I successfully removed my stock stereo by following the DIY guide written by P11SR20DET (thanks!). However my stock stereo harness is a bit different from the one in his write up. I managed to sort out the front and rear speakers with the assistance of a AA battery. Now I am stuck on the following:










On my double din 7" touch screen deck I bought from ebay all I have left to connect is the +12V, accessory and ground. Now from the picture above which one is which and which two won't be used? I don't want to keep guessing as I have already tried what I thought was what P11SR20DET was referring to without any luck  It's 1:40am and going to bed now but if anyone knows what each wire corresponds to in the picture above please help!

Thanks in advance guys!

Mike


----------



## mwong168 (Sep 20, 2010)

Problem solved... sort of. I determined using a test light that the grey/blue wire is ACC but the other four I have no clue what they were. I was expecting to find a +12V constant there but nothing would light up. I know my ground on my test light was good cause I was able to determine the ACC wire. Anyhow, I just cut and taped up the other four and ran a wire from the fuse panel from the cigarette lighter to get my +12V constant and now my deck is installed and working. 

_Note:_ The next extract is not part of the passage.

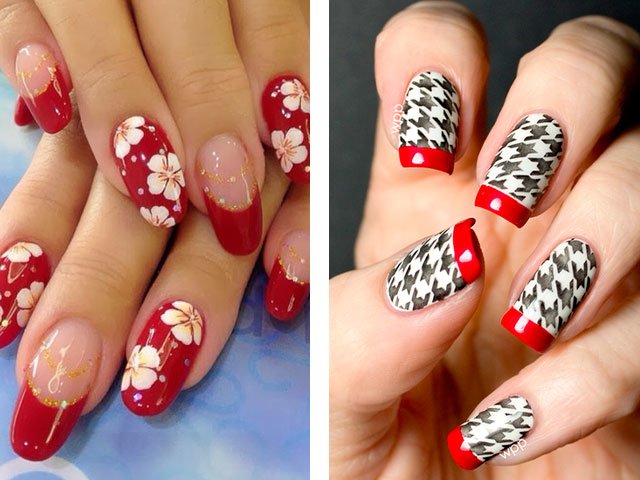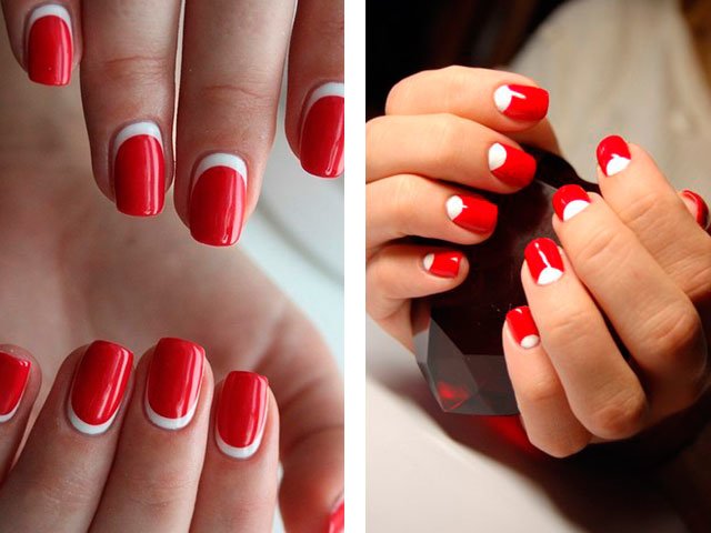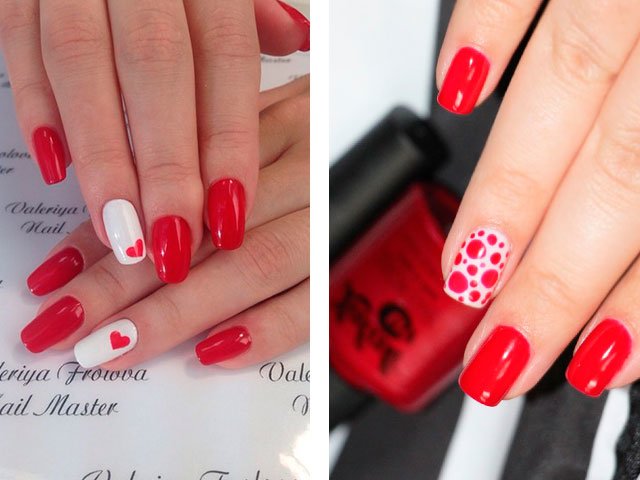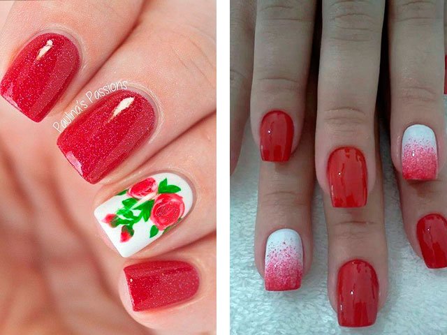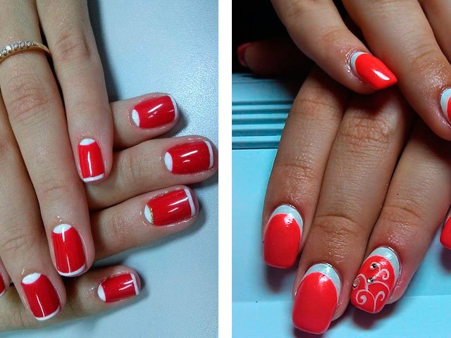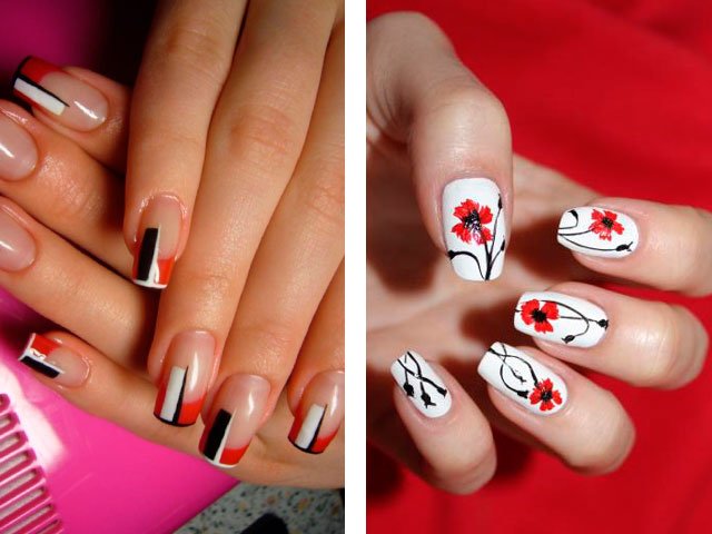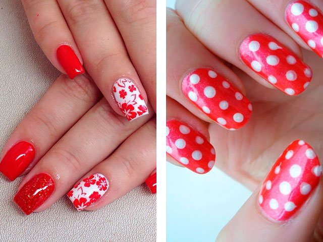 In their combination, these shades are absolutely unique. You can create a delicate design by adding just a couple of white stripes, spots or flowers. White can also be used as the main color, but it is the bright base that creates the greater effect. Many masters simply paint all their nails in scarlet, drawing only on the ring finger.

By the way, I called the dealer and spoke to someone in service and asked if they could pull up a stereo wiring harness for my deck and they said they don't have it. Then I ask him what kind of bulbs are in my fogs and he drew a blank like the parts guy. Way to go Nissan Canada :lame: I love the car but I'm finding out local support for this car is non existent just like aftermarket parts for it. This forum and the australlian x-trail forums are great and have tons of information. Thanks anyways guys.


----------



## aussietrail (Sep 24, 2004)

Hi Mike, I have answered your question on the Australian Forum, but I will copy my answer here for the benefit of others wanting to know:

Wires designation as follows:

* battery +ve is Yellow/Green
* ACC is Grey/Blue
* Light Switch Red/Blue
* Antenna Amp Power is Yellow/Red

There is no dedicated ground wire on the factory harness, as the head unit is being grounded through one of the mounting screws directly to the chassis.

Please note also that it is much easier to buy an ISO adapter harness which would like your factory harness with the aftermarket one. This would save you from cutting any wires.


----------



## bestvader (May 25, 2009)

I have a 2006 Bona Vista Edition (in Canada) and I used the Best Kits BHA7550 wiring harness - worked like a charm and I picked it up for $3 on ebay.


----------